I was also perpetually exhausted. Going out to rehearsals sapped my energy and left me worn out and needing to sleep for days. I couldn’t drag myself out of bed much before ten or eleven, even on the best mornings. I’d go shopping to the supermarket and buy a small trolley load of groceries then come home and need to sleep for a couple of hours before I could put them away. That would then be me finished for the day. Going out for lunch or dinner would entail a two day recovery period. I’d had times like this before, but things were getting noticeably worse – no matter how well I ate, or how much mindfulness I practised, or what CBT tools I used, I was bone-numbingly exhausted whenever I went out.

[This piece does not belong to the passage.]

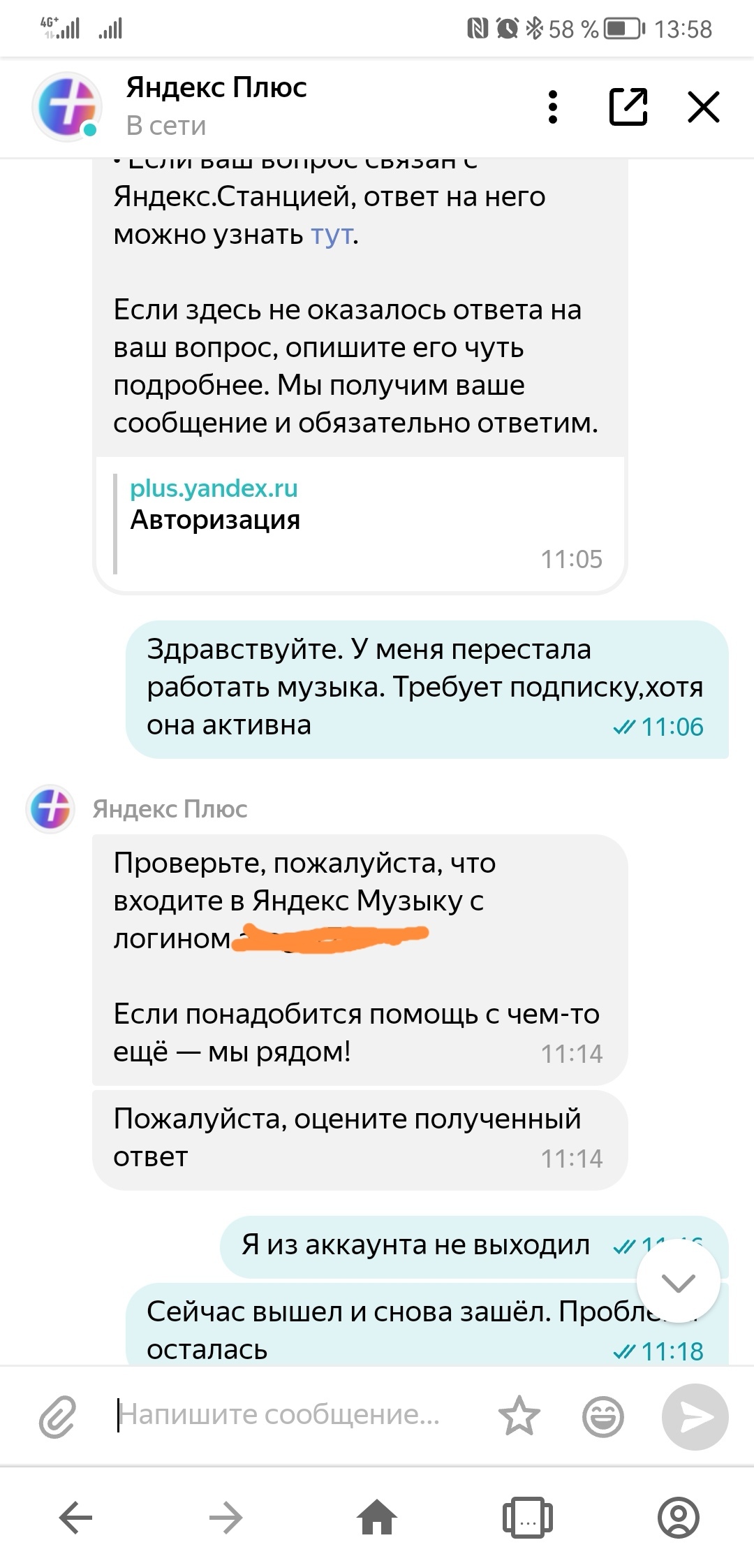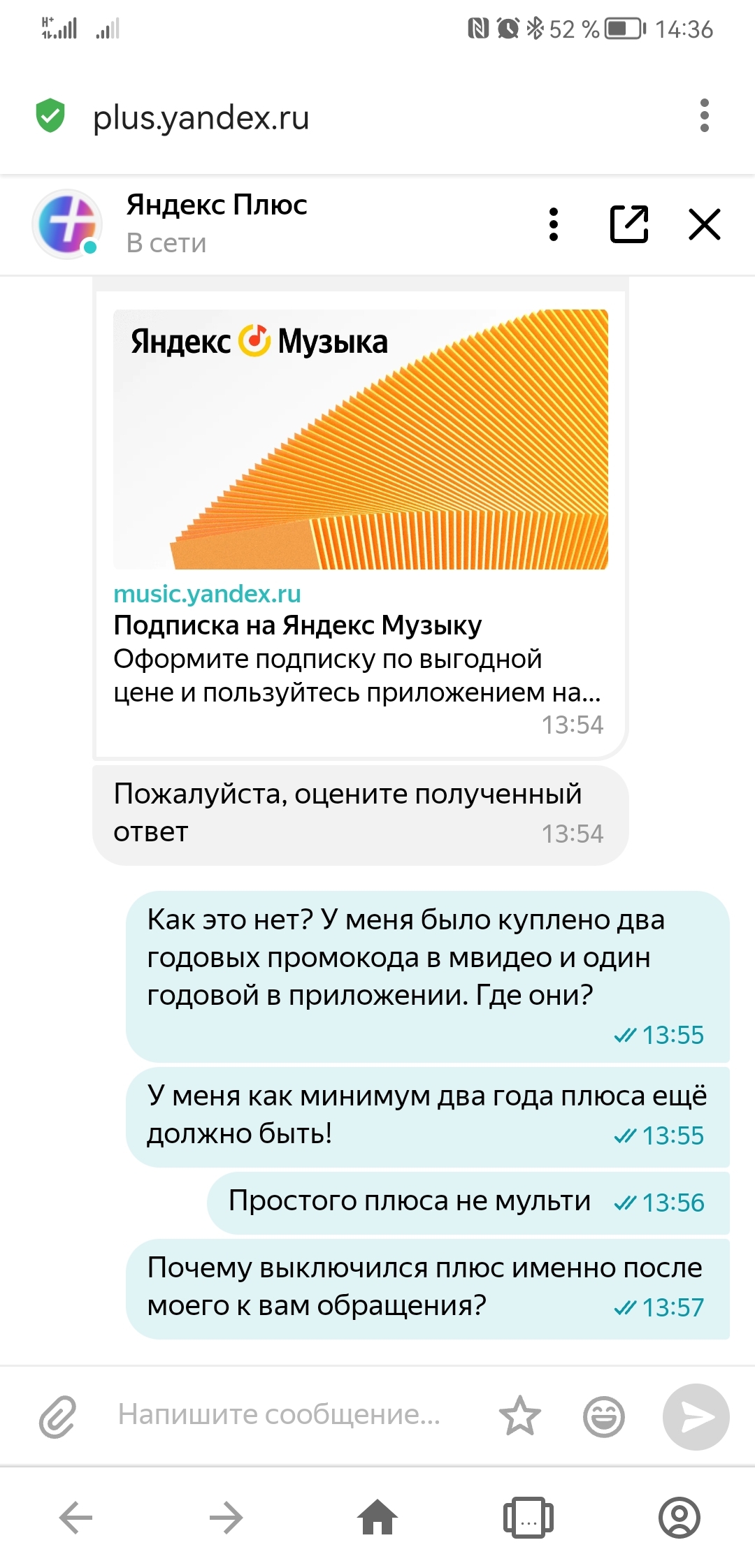 Суть в чем,сегодня по пути на работу включаю музыку,а она не работает. Что такое? Требует с меня плюс. Но я точно знаю что плюса у меня куплено ещё года на два. Смотрю на сайте,плюс есть,все нормально. Написал в поддержку музыки... Там отписались что у вас закончилась подписка и нужно оформить новую... Обратился в обычную поддержку плюса,там тоже написали что подписка закончилась ещё пятого числа. На мой вопрос про то, на сайте она всё ещё активна,никто не ответил. Но самое главное,через полчаса общения с поддержкой пропала подписка и с сайта.

A few people suggested chronic fatigue syndrome, but I knew that wasn’t right. I was still running, and once I’d recovered from the exhaustion I could easily do a 50K training run. Although I was really struggling at races – at the Brighton Marathon expo I’d had to take my husband with me to collect my bib as I’d been hardly able to speak to tell them my name. When other runners chatted to me during marathons I felt my legs get weaker. I got to an aid station only 30K into an ultra (no distance for me) and was unable to get a cup of tea because I had a huge panic. I sat by the side of the trail, shaking and in tears, before eventually pulling out of the race, assuming I had the flu because I felt so ill.

But the summer was approaching. I knew things would be quieter and I’d be able to catch up on sleep and get some rest. I could also pause my training schedule, chill out a bit, and I’d planned to spend much of the summer playing orchestral and chamber music and catching up with friends. I knew it would be busy and I’d be camping, but I also knew it was something I enjoyed. I’d even bought a new tent!

And so I set off with my tent, but without any idea of what was going to happen. I didn’t know then that I was only days away from something that would start to trigger a chain of events that would change my life for ever. Neither was I aware that the next few weeks and months would be an emotional rollercoaster like nothing I’d ever experienced before, and that the biggest discovery of my life was about to occur.